[Illustration: IRVING'S GRAVE IN THE SLEEPY HOLLOW CEMETERY]

His best work is a product of the romantic imagination, but his romanticism is of a finer type than that of Charles Brockden Brown and the English Gothic school (p. 88), for Irving's fondness for Addison and Goldsmith, in conjunction with his own keen sense of humor, taught him restraint, balance, and the adaptation of means to ends.

Irving has an unusual power of investing his subjects with the proper atmosphere. In this he resembles the greatest landscape painters. If he writes of early settlers of New York, we are in a Dutch atmosphere. If he tells the legends of the Alhambra, the atmosphere is Moorish. If he takes us to the Hudson or the Catskills or Sleepy Hollow or Granada, he adds to our artistic enjoyment by enveloping everything in its own peculiar atmosphere.

His clear, simple, smooth prose conceals its artistic finish so well and serves as the vehicle for so much humor, that readers often pass a long time in his company without experiencing fatigue. His style has been criticized for lack of vigor and for resemblance to Goldsmith's. Irving's style, however, is his own, and it is the style natural to a man of his placid, artistic temperament.

America takes special pride in Washington Irving, because he was the first author to invest her brief history with the enduring fascination of romance. We shall the better appreciate our debt to him, if we imagine that some wizard has the power to subtract from our literature the inimitable Knickerbocker, Rip Van Winkle, Sleepy Hollow, and our national romantic river, the storied Hudson.

JAMES FENIMORE COOPER, 1789-1851

[Illustration: JAMES FENIMORE COOPER]

YOUTH.—Cooper's place in American literature is chiefly based on his romantic stories of the pioneer and the Indian.
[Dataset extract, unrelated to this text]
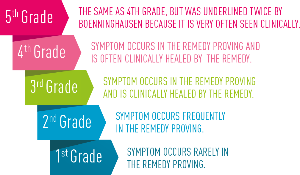 With many remedies, both poles of a polar symptom are covered, but in different grades. Boenninghausen said that a contradiction occurs when the patient symptom is observed in the 1st or 2nd grade with the opposite pole listed for the remedy in the 3rd, 4th, or 5th grade. In this case, the opposite pole (not the patient symptom) corresponds to the genius of the remedy. Boenninghausen found that such constellations hardly ever lead to healing, and indeed they are a contraindication for the remedy concerned. When checking unsuccessful prescriptions, made without regard to Boenninghausen’s rule, we frequently find contraindications that have been missed.

We have seen how Captain John Smith won the ear of the world by his early story of Indian adventure, how Charles Brockden Brown in Edgar Huntly deliberately selected the Indian and the life of the wilderness as good material for an American writer of romance. Cooper chose these very materials and used them with a success attained by no other writer. Let us see how his early life fitted him to write of the Indian, the pioneer, the forest, and the sea.

He was born in Burlington, New Jersey, in 1789, the year made memorable by the French Revolution. While he was still an infant, the Cooper family moved to the southeastern shore of Otsego Lake and founded the village of Cooperstown, at the point where the Susquehanna River furnishes an outlet for the lake. In this romantic place he passed the most impressionable part of his boyhood.

At the close of the eighteenth century, Cooperstown was one of the outposts of civilization. Few clearings had been made in the vast mysterious forests, which appealed so deeply to the boy's imagination, and which still sheltered deer, bear, and Indians. The most vivid local story which his young ears heard was the account of the Cherry Valley massacre, which had taken place a few miles from Cooperstown only eleven years before he was born. Cooper himself felt the fascination of the trackless forests before he communicated it to his readers.